• [About this task] When you reach a picture, pass over it; otherwise repeat the listing word for word.

Content starts

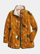 Eira | Casual Black Cat Halloween Print Quilted Jacket
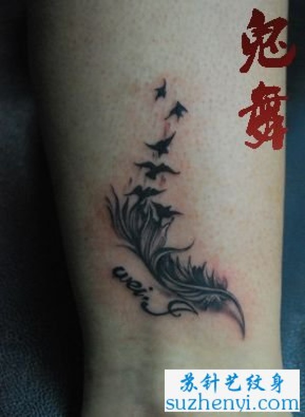 腿部流行的羽毛纹身图案_小清新纹身图案大全_纹身图吧
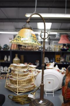 An attractive brass adjustable column reading/ table lamp, having polychrome mottled glass shade, measures 60cm tall.
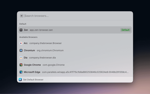 Conveniently set your default browser via Raycast commands.
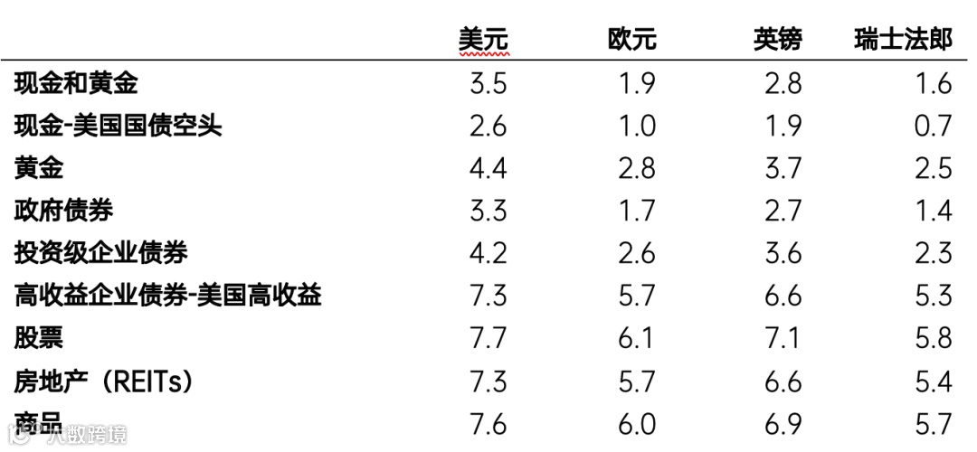 图⑤显示了他们在一系列货币基础上对全球资产类别的预期回报(他们的框架与我们的不同,所以我们不得不调整他们的一些类别——例如,我们使用他们的美国国债短期类别来代表现金,而贵金属则用于黄金)。
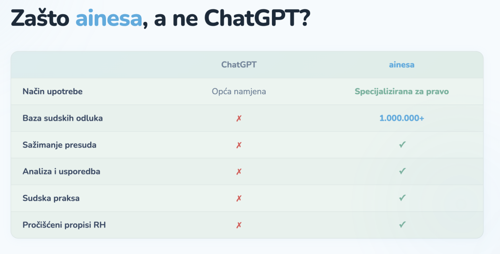 Često se susrećemo s tvrdnjama potencijalnih korisnika kako već plaćaju i koriste umjetnu inteligenciju poput ChatGPT-a, te im na prvu nije posve jasno zašto bi im trebao još jedan alat. Mnogi zapravo nisu svjesni prednosti koje donose rješenja specijaliziranih AI alata poput Ainese Nove dok se osobno ne uvjere u sve njihove funkcionalnosti. Iako su sustavi opće namjene izuzetno korisni za svakodnevne zadatke poput pisanja e-mailova, kreiranja tekstova ili općeg informiranja, rješavanje složenih problema u visoko reguliranim branšama poput prava zahtijeva potpuno drugačiji pristup.
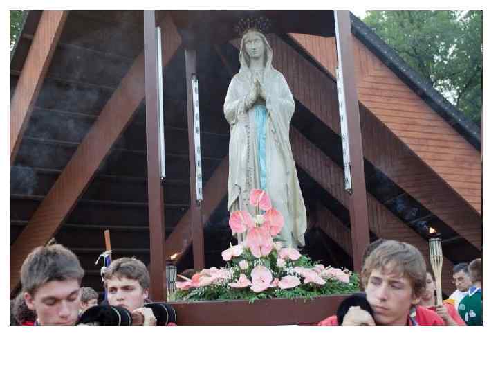 Статую они несут из своего лагеря, сопровождая христианскими песнями, исполняемыми под гитару. Вместе со скаутами идет епископ Тарбский и Лурдский монсеньор Жак Перье
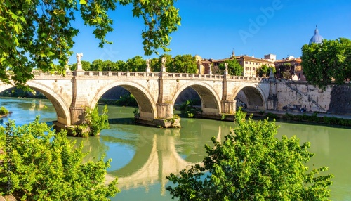 Fototapeta premium Ancient stone bridge over a river, lush greenery
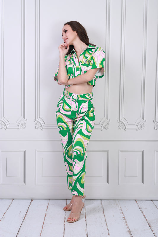 Set de Blusa y Pantalón Estampados Verde con Rosa
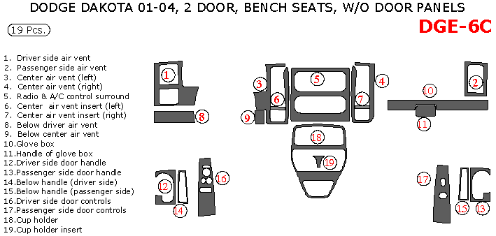 We offer a wide variety of colors and materials of Dodge Dakota 2001, 2002, 2003, 2004, Interior Dash Kit, 2 Door, Bench Seats, Without Door Panels, 19 Pcs. Choose your favourite option and place an order.
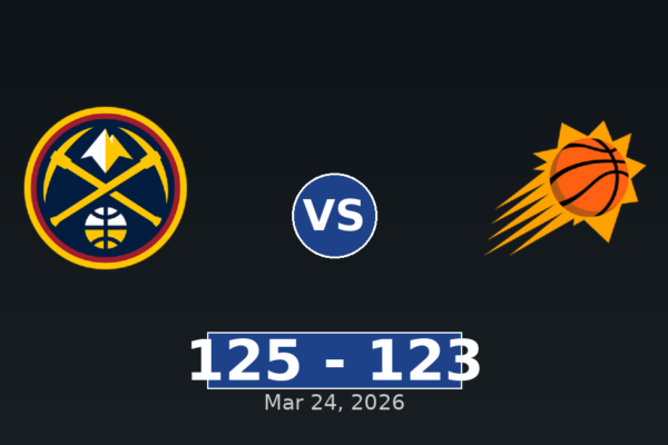 The Denver Nuggets secured a 2-point victory against the Phoenix Suns on March 24, 2026, winning 125-123. The game took place at Mortgage Matchup Center with 17,071 in attendance. Game Information Quarter-by-Quarter Scoring Team Q1 Q2 Q3 Q4 Total PHX 35 22 38 28 123 DEN 28 39 30 28 125 Officials Nick Buchert (Referee),…
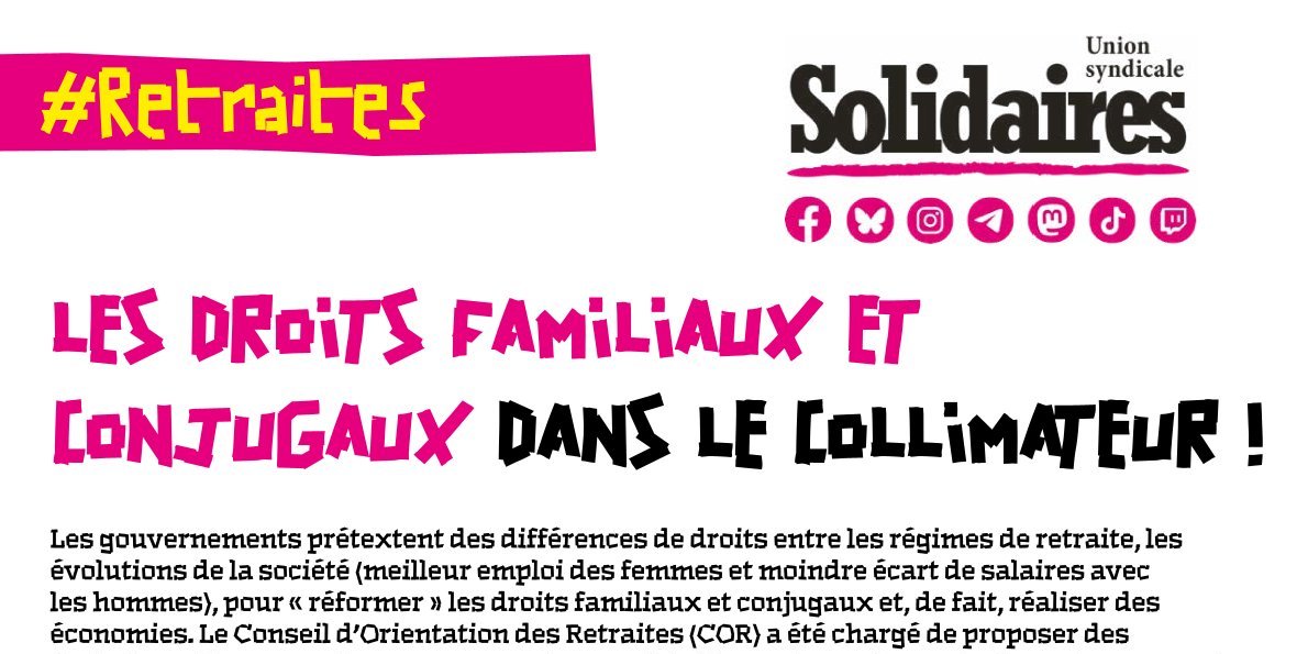 Les droits familiaux et conjugaux améliorent les pensions des femmes, mais entretiennent aussi les femmes dans les rôles d’éducation des enfants et de responsable des tâches domestiques. Pour Solidaires, ces droits doivent être maintenus, améliorés … tant que ce sont très majoritairement les mères qui sont pénalisées par la prise en charge des enfants, tant que l’égalité des salaires et de la prise en charge des enfants n’est pas réalisée. Il faut majorer les retraites des femmes au niveau des inégalités de salaires constatées et agir pour le partage par les deux parents de la prise en charge des enfants.Dans l’immédiat, que penser des propositions du COR ? Solidaires réfléchit aux conséquences de ces évolutions et interroge le caractère plus juste et plus égalitaire que ces modifications provoqueraient sur la situation actuelle.
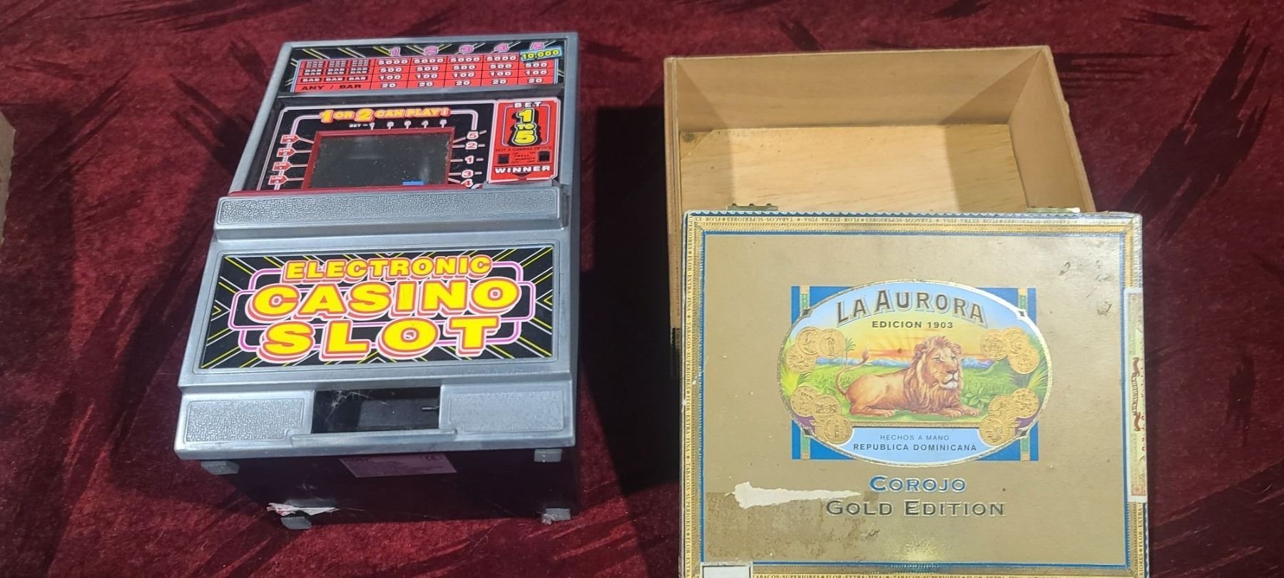 ELECTRONIC SLOT MACHINE AND CIGAR BOX
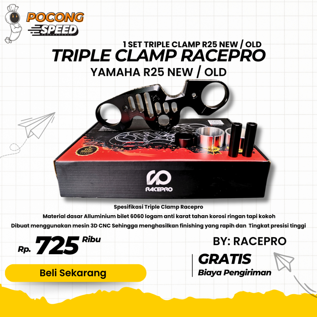 TRIPLE CLAMP CNC R25 NEW/OLD SEGITIGA ATAS CNC R25 NEW/OLD KOKPIT CNC R25 NEW/OLD BAHAN ALLUMINIUM BILLET T6 6060
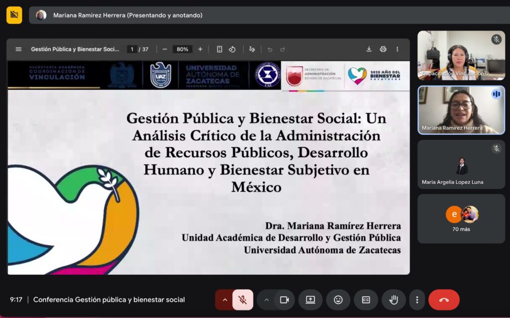 Como parte del proceso continuo de formación impulsado por la vinculación entre la Universidad Autónoma de Zacatecas (UAZ) y la Secretaría de Administración del Gobierno del Estado de Zacatecas (SAD), se llevó a cabo la conferencia titulada “Gestión Pública y Bienestar Social”, dirigida al personal administrativo y directivo de la administración pública estatal. La ponencia fue impartida por la docente investigadora Mariana Ramírez Herrera, adscrita a la Unidad Académica de Desarrollo y Gestión Pública de la UAZ, en el marco del Programa de Capacitación de la Coordinación de Vinculación de la universidad.
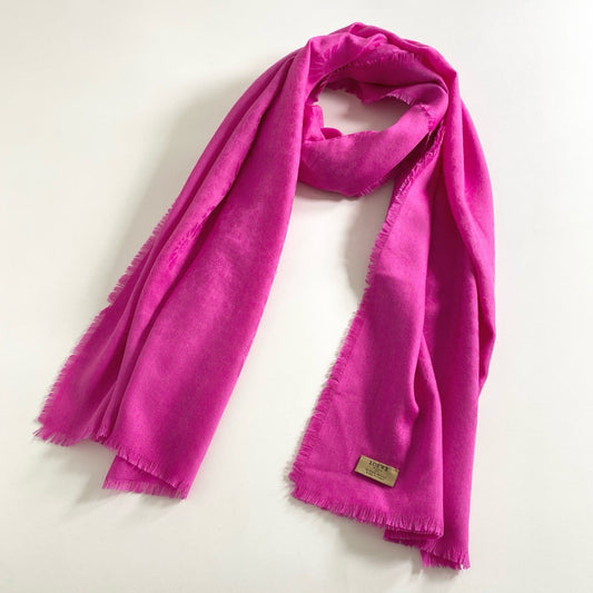 d12-6 LOEWE ロエベ 大判ストール ショール マフラー アナグラム フラワー ピンク シルク混 イタリア製

Content ends

• [Response]
 Eira | Casual Black Cat Halloween Print Quilted Jacket
 腿部流行的羽毛纹身图案_小清新纹身图案大全_纹身图吧
 An attractive brass adjustable column reading/ table lamp, having polychrome mottled glass shade, measures 60cm tall.
 Conveniently set your default browser via Raycast commands.
 图⑤显示了他们在一系列货币基础上对全球资产类别的预期回报(他们的框架与我们的不同,所以我们不得不调整他们的一些类别——例如,我们使用他们的美国国债短期类别来代表现金,而贵金属则用于黄金)。
 Često se susrećemo s tvrdnjama potencijalnih korisnika kako već plaćaju i koriste umjetnu inteligenciju poput ChatGPT-a, te im na prvu nije posve jasno zašto bi im trebao još jedan alat. Mnogi zapravo nisu svjesni prednosti koje donose rješenja specijaliziranih AI alata poput Ainese Nove dok se osobno ne uvjere u sve njihove funkcionalnosti. Iako su sustavi opće namjene izuzetno korisni za svakodnevne zadatke poput pisanja e-mailova, kreiranja tekstova ili općeg informiranja, rješavanje složenih problema u visoko reguliranim branšama poput prava zahtijeva potpuno drugačiji pristup.
 Статую они несут из своего лагеря, сопровождая христианскими песнями, исполняемыми под гитару. Вместе со скаутами идет епископ Тарбский и Лурдский монсеньор Жак Перье
 Fototapeta premium Ancient stone bridge over a river, lush greenery
 Set de Blusa y Pantalón Estampados Verde con Rosa
 We offer a wide variety of colors and materials of Dodge Dakota 2001, 2002, 2003, 2004, Interior Dash Kit, 2 Door, Bench Seats, Without Door Panels, 19 Pcs. Choose your favourite option and place an order.
 The Denver Nuggets secured a 2-point victory against the Phoenix Suns on March 24, 2026, winning 125-123. The game took place at Mortgage Matchup Center with 17,071 in attendance. Game Information Quarter-by-Quarter Scoring Team Q1 Q2 Q3 Q4 Total PHX 35 22 38 28 123 DEN 28 39 30 28 125 Officials Nick Buchert (Referee),…
 Les droits familiaux et conjugaux améliorent les pensions des femmes, mais entretiennent aussi les femmes dans les rôles d’éducation des enfants et de responsable des tâches domestiques. Pour Solidaires, ces droits doivent être maintenus, améliorés … tant que ce sont très majoritairement les mères qui sont pénalisées par la prise en charge des enfants, tant que l’égalité des salaires et de la prise en charge des enfants n’est pas réalisée. Il faut majorer les retraites des femmes au niveau des inégalités de salaires constatées et agir pour le partage par les deux parents de la prise en charge des enfants.Dans l’immédiat, que penser des propositions du COR ? Solidaires réfléchit aux conséquences de ces évolutions et interroge le caractère plus juste et plus égalitaire que ces modifications provoqueraient sur la situation actuelle.
 ELECTRONIC SLOT MACHINE AND CIGAR BOX
 TRIPLE CLAMP CNC R25 NEW/OLD SEGITIGA ATAS CNC R25 NEW/OLD KOKPIT CNC R25 NEW/OLD BAHAN ALLUMINIUM BILLET T6 6060
 Como parte del proceso continuo de formación impulsado por la vinculación entre la Universidad Autónoma de Zacatecas (UAZ) y la Secretaría de Administración del Gobierno del Estado de Zacatecas (SAD), se llevó a cabo la conferencia titulada “Gestión Pública y Bienestar Social”, dirigida al personal administrativo y directivo de la administración pública estatal. La ponencia fue impartida por la docente investigadora Mariana Ramírez Herrera, adscrita a la Unidad Académica de Desarrollo y Gestión Pública de la UAZ, en el marco del Programa de Capacitación de la Coordinación de Vinculación de la universidad.
 d12-6 LOEWE ロエベ 大判ストール ショール マフラー アナグラム フラワー ピンク シルク混 イタリア製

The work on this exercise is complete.